531w26

Review comments on Final Project 12, STATS 531 W26

The project takles a real issue and is written to a high standard of reproducibility, clarity and academic precision. The project is not especially ambitious - it is similar to many previous 531 projects, with a new dataset. However, every dataset and scientific situation requires careful attention. On top of that, moving to Pypomp is an advance over previous projects.

Figures could use numbers and captions.
Sec 3.2. These large plots do not add much information. The seasonal plot in the Supplement (Sec 8.1) is more informative.
The model equations are missing overdispersion.
The use of a Colab GPU is innovative.
The SARIMA log-likelihood can be compared to SEIRS with the help of a Jacobian adjustment.
The global search has a lower log-likelihood than the best local search, which is inconsistent and should be addressed. Specifically, the report states that the local search reached “a best endpoint log-likelihood of roughly −275,” while the global search achieved −304.8. The local value of −275 comes from the MIF iteration trace — a noisy estimate computed during the perturbation phase.

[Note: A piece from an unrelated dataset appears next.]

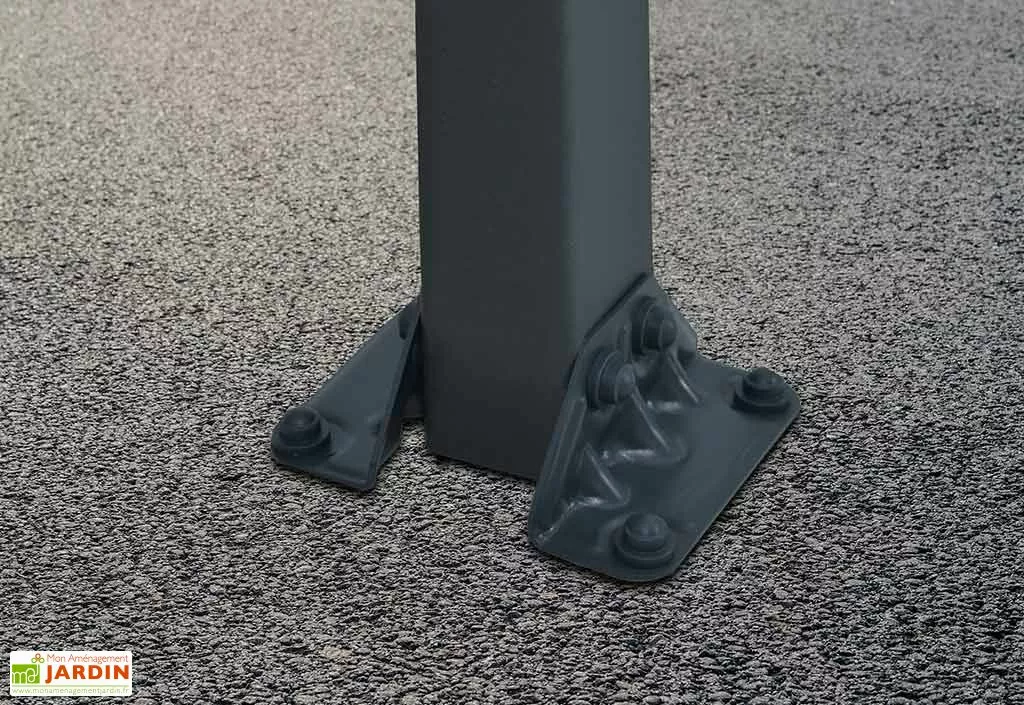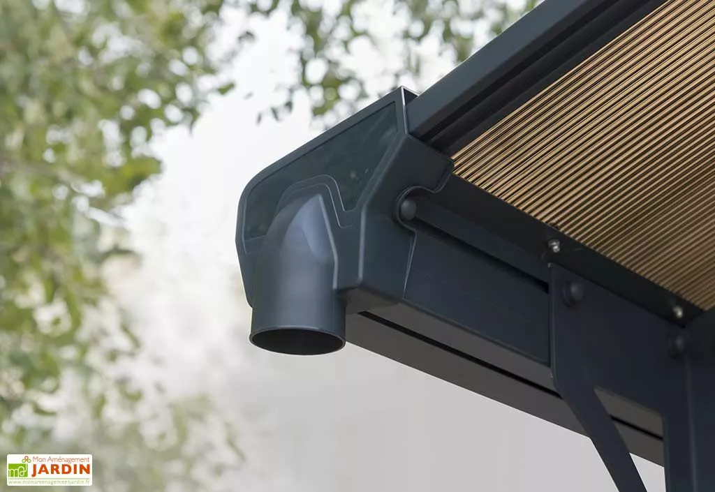 Facile Ă monter, ce carport est composĂ© de six poteaux carrĂ©s de 8 cm de cĂŽtĂ© chargĂ©s de soutenir l’ensemble de la structure. Les profilĂ©s sont prĂ©-percĂ©s, les panneaux prĂ©dĂ©coupĂ©s et conçus pour ĂȘtre assemblĂ©s aisĂ©ment en les faisant coulisser. Un systĂšme de gouttiĂšre est Ă©galement inclus, permettant non seulement l’Ă©vacuation de l’eau, mais aussi sa collecte. Notez enfin que tous les Ă©lĂ©ments nĂ©cessaires au montage du carport sont fournis.Â

The code block that evaluates the local endpoints with an independent particle filter is marked #| eval: false and was never executed. The global value of −304.8, by contrast, is a proper particle-filter evaluation at J = 10,000. of the methodological difference rather than a genuine result. The local endpoint pfilter should be run and reported; if it really is much higher, the global search should be considered unsuccessful and should be debugged.
Scatterplots and/or profiles would help to investigate weak identifability. It may be good to know that some biologically plausible parameters are statistically plausible, but for data analysis it’s also good to know what biologically surprising values are statistically plausible.
The COVID disruption period is not accounted for in the SEIRS model. The SARIMA model includes explicit COVID-step regressors covering 2020–2022 and validates that these terms are statistically significant. The SEIRS model has no analogous mechanism: it simply tries to fit through the pandemic suppression period using the same transmission parameters as the rest of the series. This is a structural misspecification — the model is asked to simultaneously explain near-zero hospitalization rates during 2020–2021 and normal seasonal peaks before and after, using a stationary sinusoidal $\beta(t)$. A time-varying $\beta(t)$ (beyond seasonality) or a multiplicative regime-shift parameter (similar to the regression analysis) would substantially improve the mechanistic model and allow the two approaches to be compared on equal terms.
The response variable is rounded hospitalization rates, not counts. The POMP observation model is a negative binomial over “pseudo case counts,” constructed by taking df_weekly['Rate'].round(). Many weeks have rates below 1.0 per 100,000 (especially during 2020–2021), so rounding maps them to zero. Rounding a continuous rate to an integer before passing it to a count-based likelihood introduces discretization error and information loss. The report flags this in Section 8.5 but treats it as a minor issue; in fact, it has potentially large impacts. It would be entirely okay to use a continuous measurement model to acknowledge that the data are rates. This would help to make the log-likelihood comparable to the benchmark (if Jacobian effects are dealt with correctly).
In Sec 3.4, it is better not to report a p-value from OLS with highly autocorrelated residuals. That is what regression with ARMA errors is for.
The authors admit that the use of a pseudo-population $N = 10^5$ to turn their rates into counts may not be appropriate, the authors did not perform model checks with different values of $N$ , so we do not get to see how sensitive parameters are to different values of $N$ in this setup. Or, perhaps some alternative model would have been more suitable for this dataset so that one could use the rate directly. There’s no real need to use a discrete measurement model - if your data are real-valued, a continuous measurement model is natural.